Few in Irish public life are better at telling stories

AS he so often proved while giving evidence to the Mahon corruption probe, few people in Irish public life are better at telling stories than Bertie Ahern.

Few in Irish public life are better at telling stories

And so he again showed at a sumptuous gathering in Dublin’s Mansion House last night where his autobiography was launched as he strode centre stage once more.

The former Taoiseach used his speech to denounce those who today try to rewrite history regarding his decade in charge – which was deliciously ironic is that is exactly what many reviewers have said his new tome does.

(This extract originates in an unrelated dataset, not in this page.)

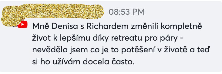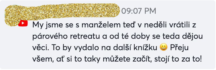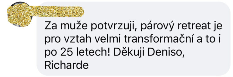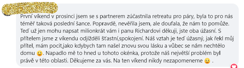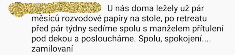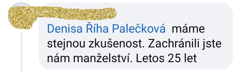 „Děkuji ze srdce, čím vším jsme si díky vám s mým mužem a otcem mých dětí dovolili projít. Do čeho jsme se s důvěrou pustili a na čem nyní můžeme svůj vztah stavět.

Mr Ahern insisted without the hint of irony that the book answered the questions he “totally dodged” while in office. That should secure at least three extra sales then as the trio of judges from the Mahon Tribunal rush down to the bookshops to try and get the real facts regarding the queries he so relentlessly stone-walled and side-stepped during the 14 days he twisted logic in knots as he squirmed in their witness box at Dublin Castle.

But enough of that. He had done the State some service and deserved praise for it, and luckily Charlie McCreevy was on hand to give glowing testimony to the great man – but this being Mr McCreevy his speech was every bit as much about himself as it was about Bertie.

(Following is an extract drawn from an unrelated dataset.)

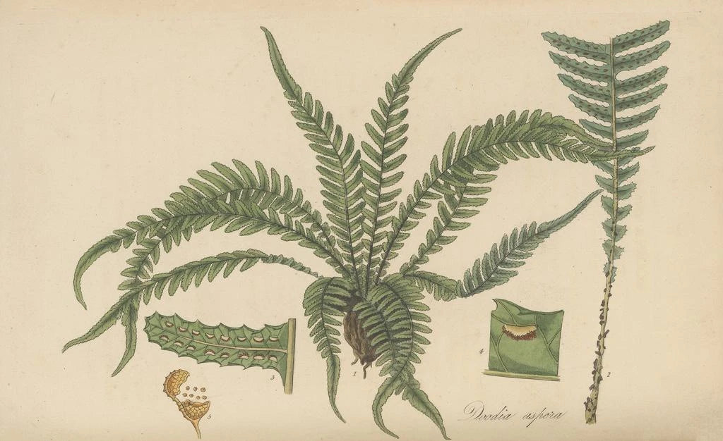 William Jackson Hooker, brittisk botaniker och illustratör från 1800-talet, spelade en avgörande roll i dokumentationen av den globala floran, särskilt den australiensiska. Hans arbete påverkades av de botaniska expeditioner som ägde rum under hans tid, och han lyckades förena vetenskap och konst i sina illustrationer. Hooker var den förste direktören för Kew botaniska trädgård, där han bidrog till klassificeringen och bevarandet av växtarter. Doodia Aspera är ett perfekt exempel på hans noggranna metod och engagemang för naturen, vilket vittnar om botaniken som en viktig del av förståelsen av vår miljö.

The arch angel of the boom and bust economics that have now buried the Republic in financial rubble twice thanked Bertie for giving him the freedom to send Ireland on to its orgy of credit debt delusion.

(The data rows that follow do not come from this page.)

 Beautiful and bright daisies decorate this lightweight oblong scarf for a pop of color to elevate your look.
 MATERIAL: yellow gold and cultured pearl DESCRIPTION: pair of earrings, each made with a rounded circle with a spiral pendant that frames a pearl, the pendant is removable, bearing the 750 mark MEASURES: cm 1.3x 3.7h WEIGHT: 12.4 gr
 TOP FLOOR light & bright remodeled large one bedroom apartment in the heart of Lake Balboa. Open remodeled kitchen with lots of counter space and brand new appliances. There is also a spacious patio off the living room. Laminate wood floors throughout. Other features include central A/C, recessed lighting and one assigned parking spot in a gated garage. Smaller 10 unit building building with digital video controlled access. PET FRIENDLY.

Bertie returned the favour with what could easily be interpreted as a dig at his successor.

He insisted the economy was “in safe hands when Charlie McCreevy and myself were in charge of it”.

He then took an even more pointed blast at public sector pay cuts: “They were great people. They deserved what they earned and long live the Irish public service,” he said of the workers now looking down the barrel of another wage cut.

Mr Ahern went out of his way to thank “all the gang at St Luke’s” but there was no mention of Miriam or Celia.

His daughters, heavily pregnant Cecilia and Georgina, their with her husband and their twins Rocco and Jay looked on as Mr Ahern recapped his time in power, yet strangely glossed over the one great undisputed triumph of that time, the peace process.

As he neared the end of the very long speech, a balloon one of his grand children had been playing with popped loudly.

It may not be the last balloon to burst above the former Taoiseach’s head in the coming months.

The choice of the Yeats quotation Mr Ahern used to end his speech showed both defiance and pleading as he faces into the final battle for his reputation and legacy.

It began: “You that would judge me, do not judge alone this book or that, come to this hallowed place where my friends’ portraits hang and look thereon...”

That may well be the case, but the final chapter of Mr Ahern’s life story will be written not in his autobiography, but in the soon to be unveiled conclusions of the Mahon corruption probe – whether he likes their judgement or not.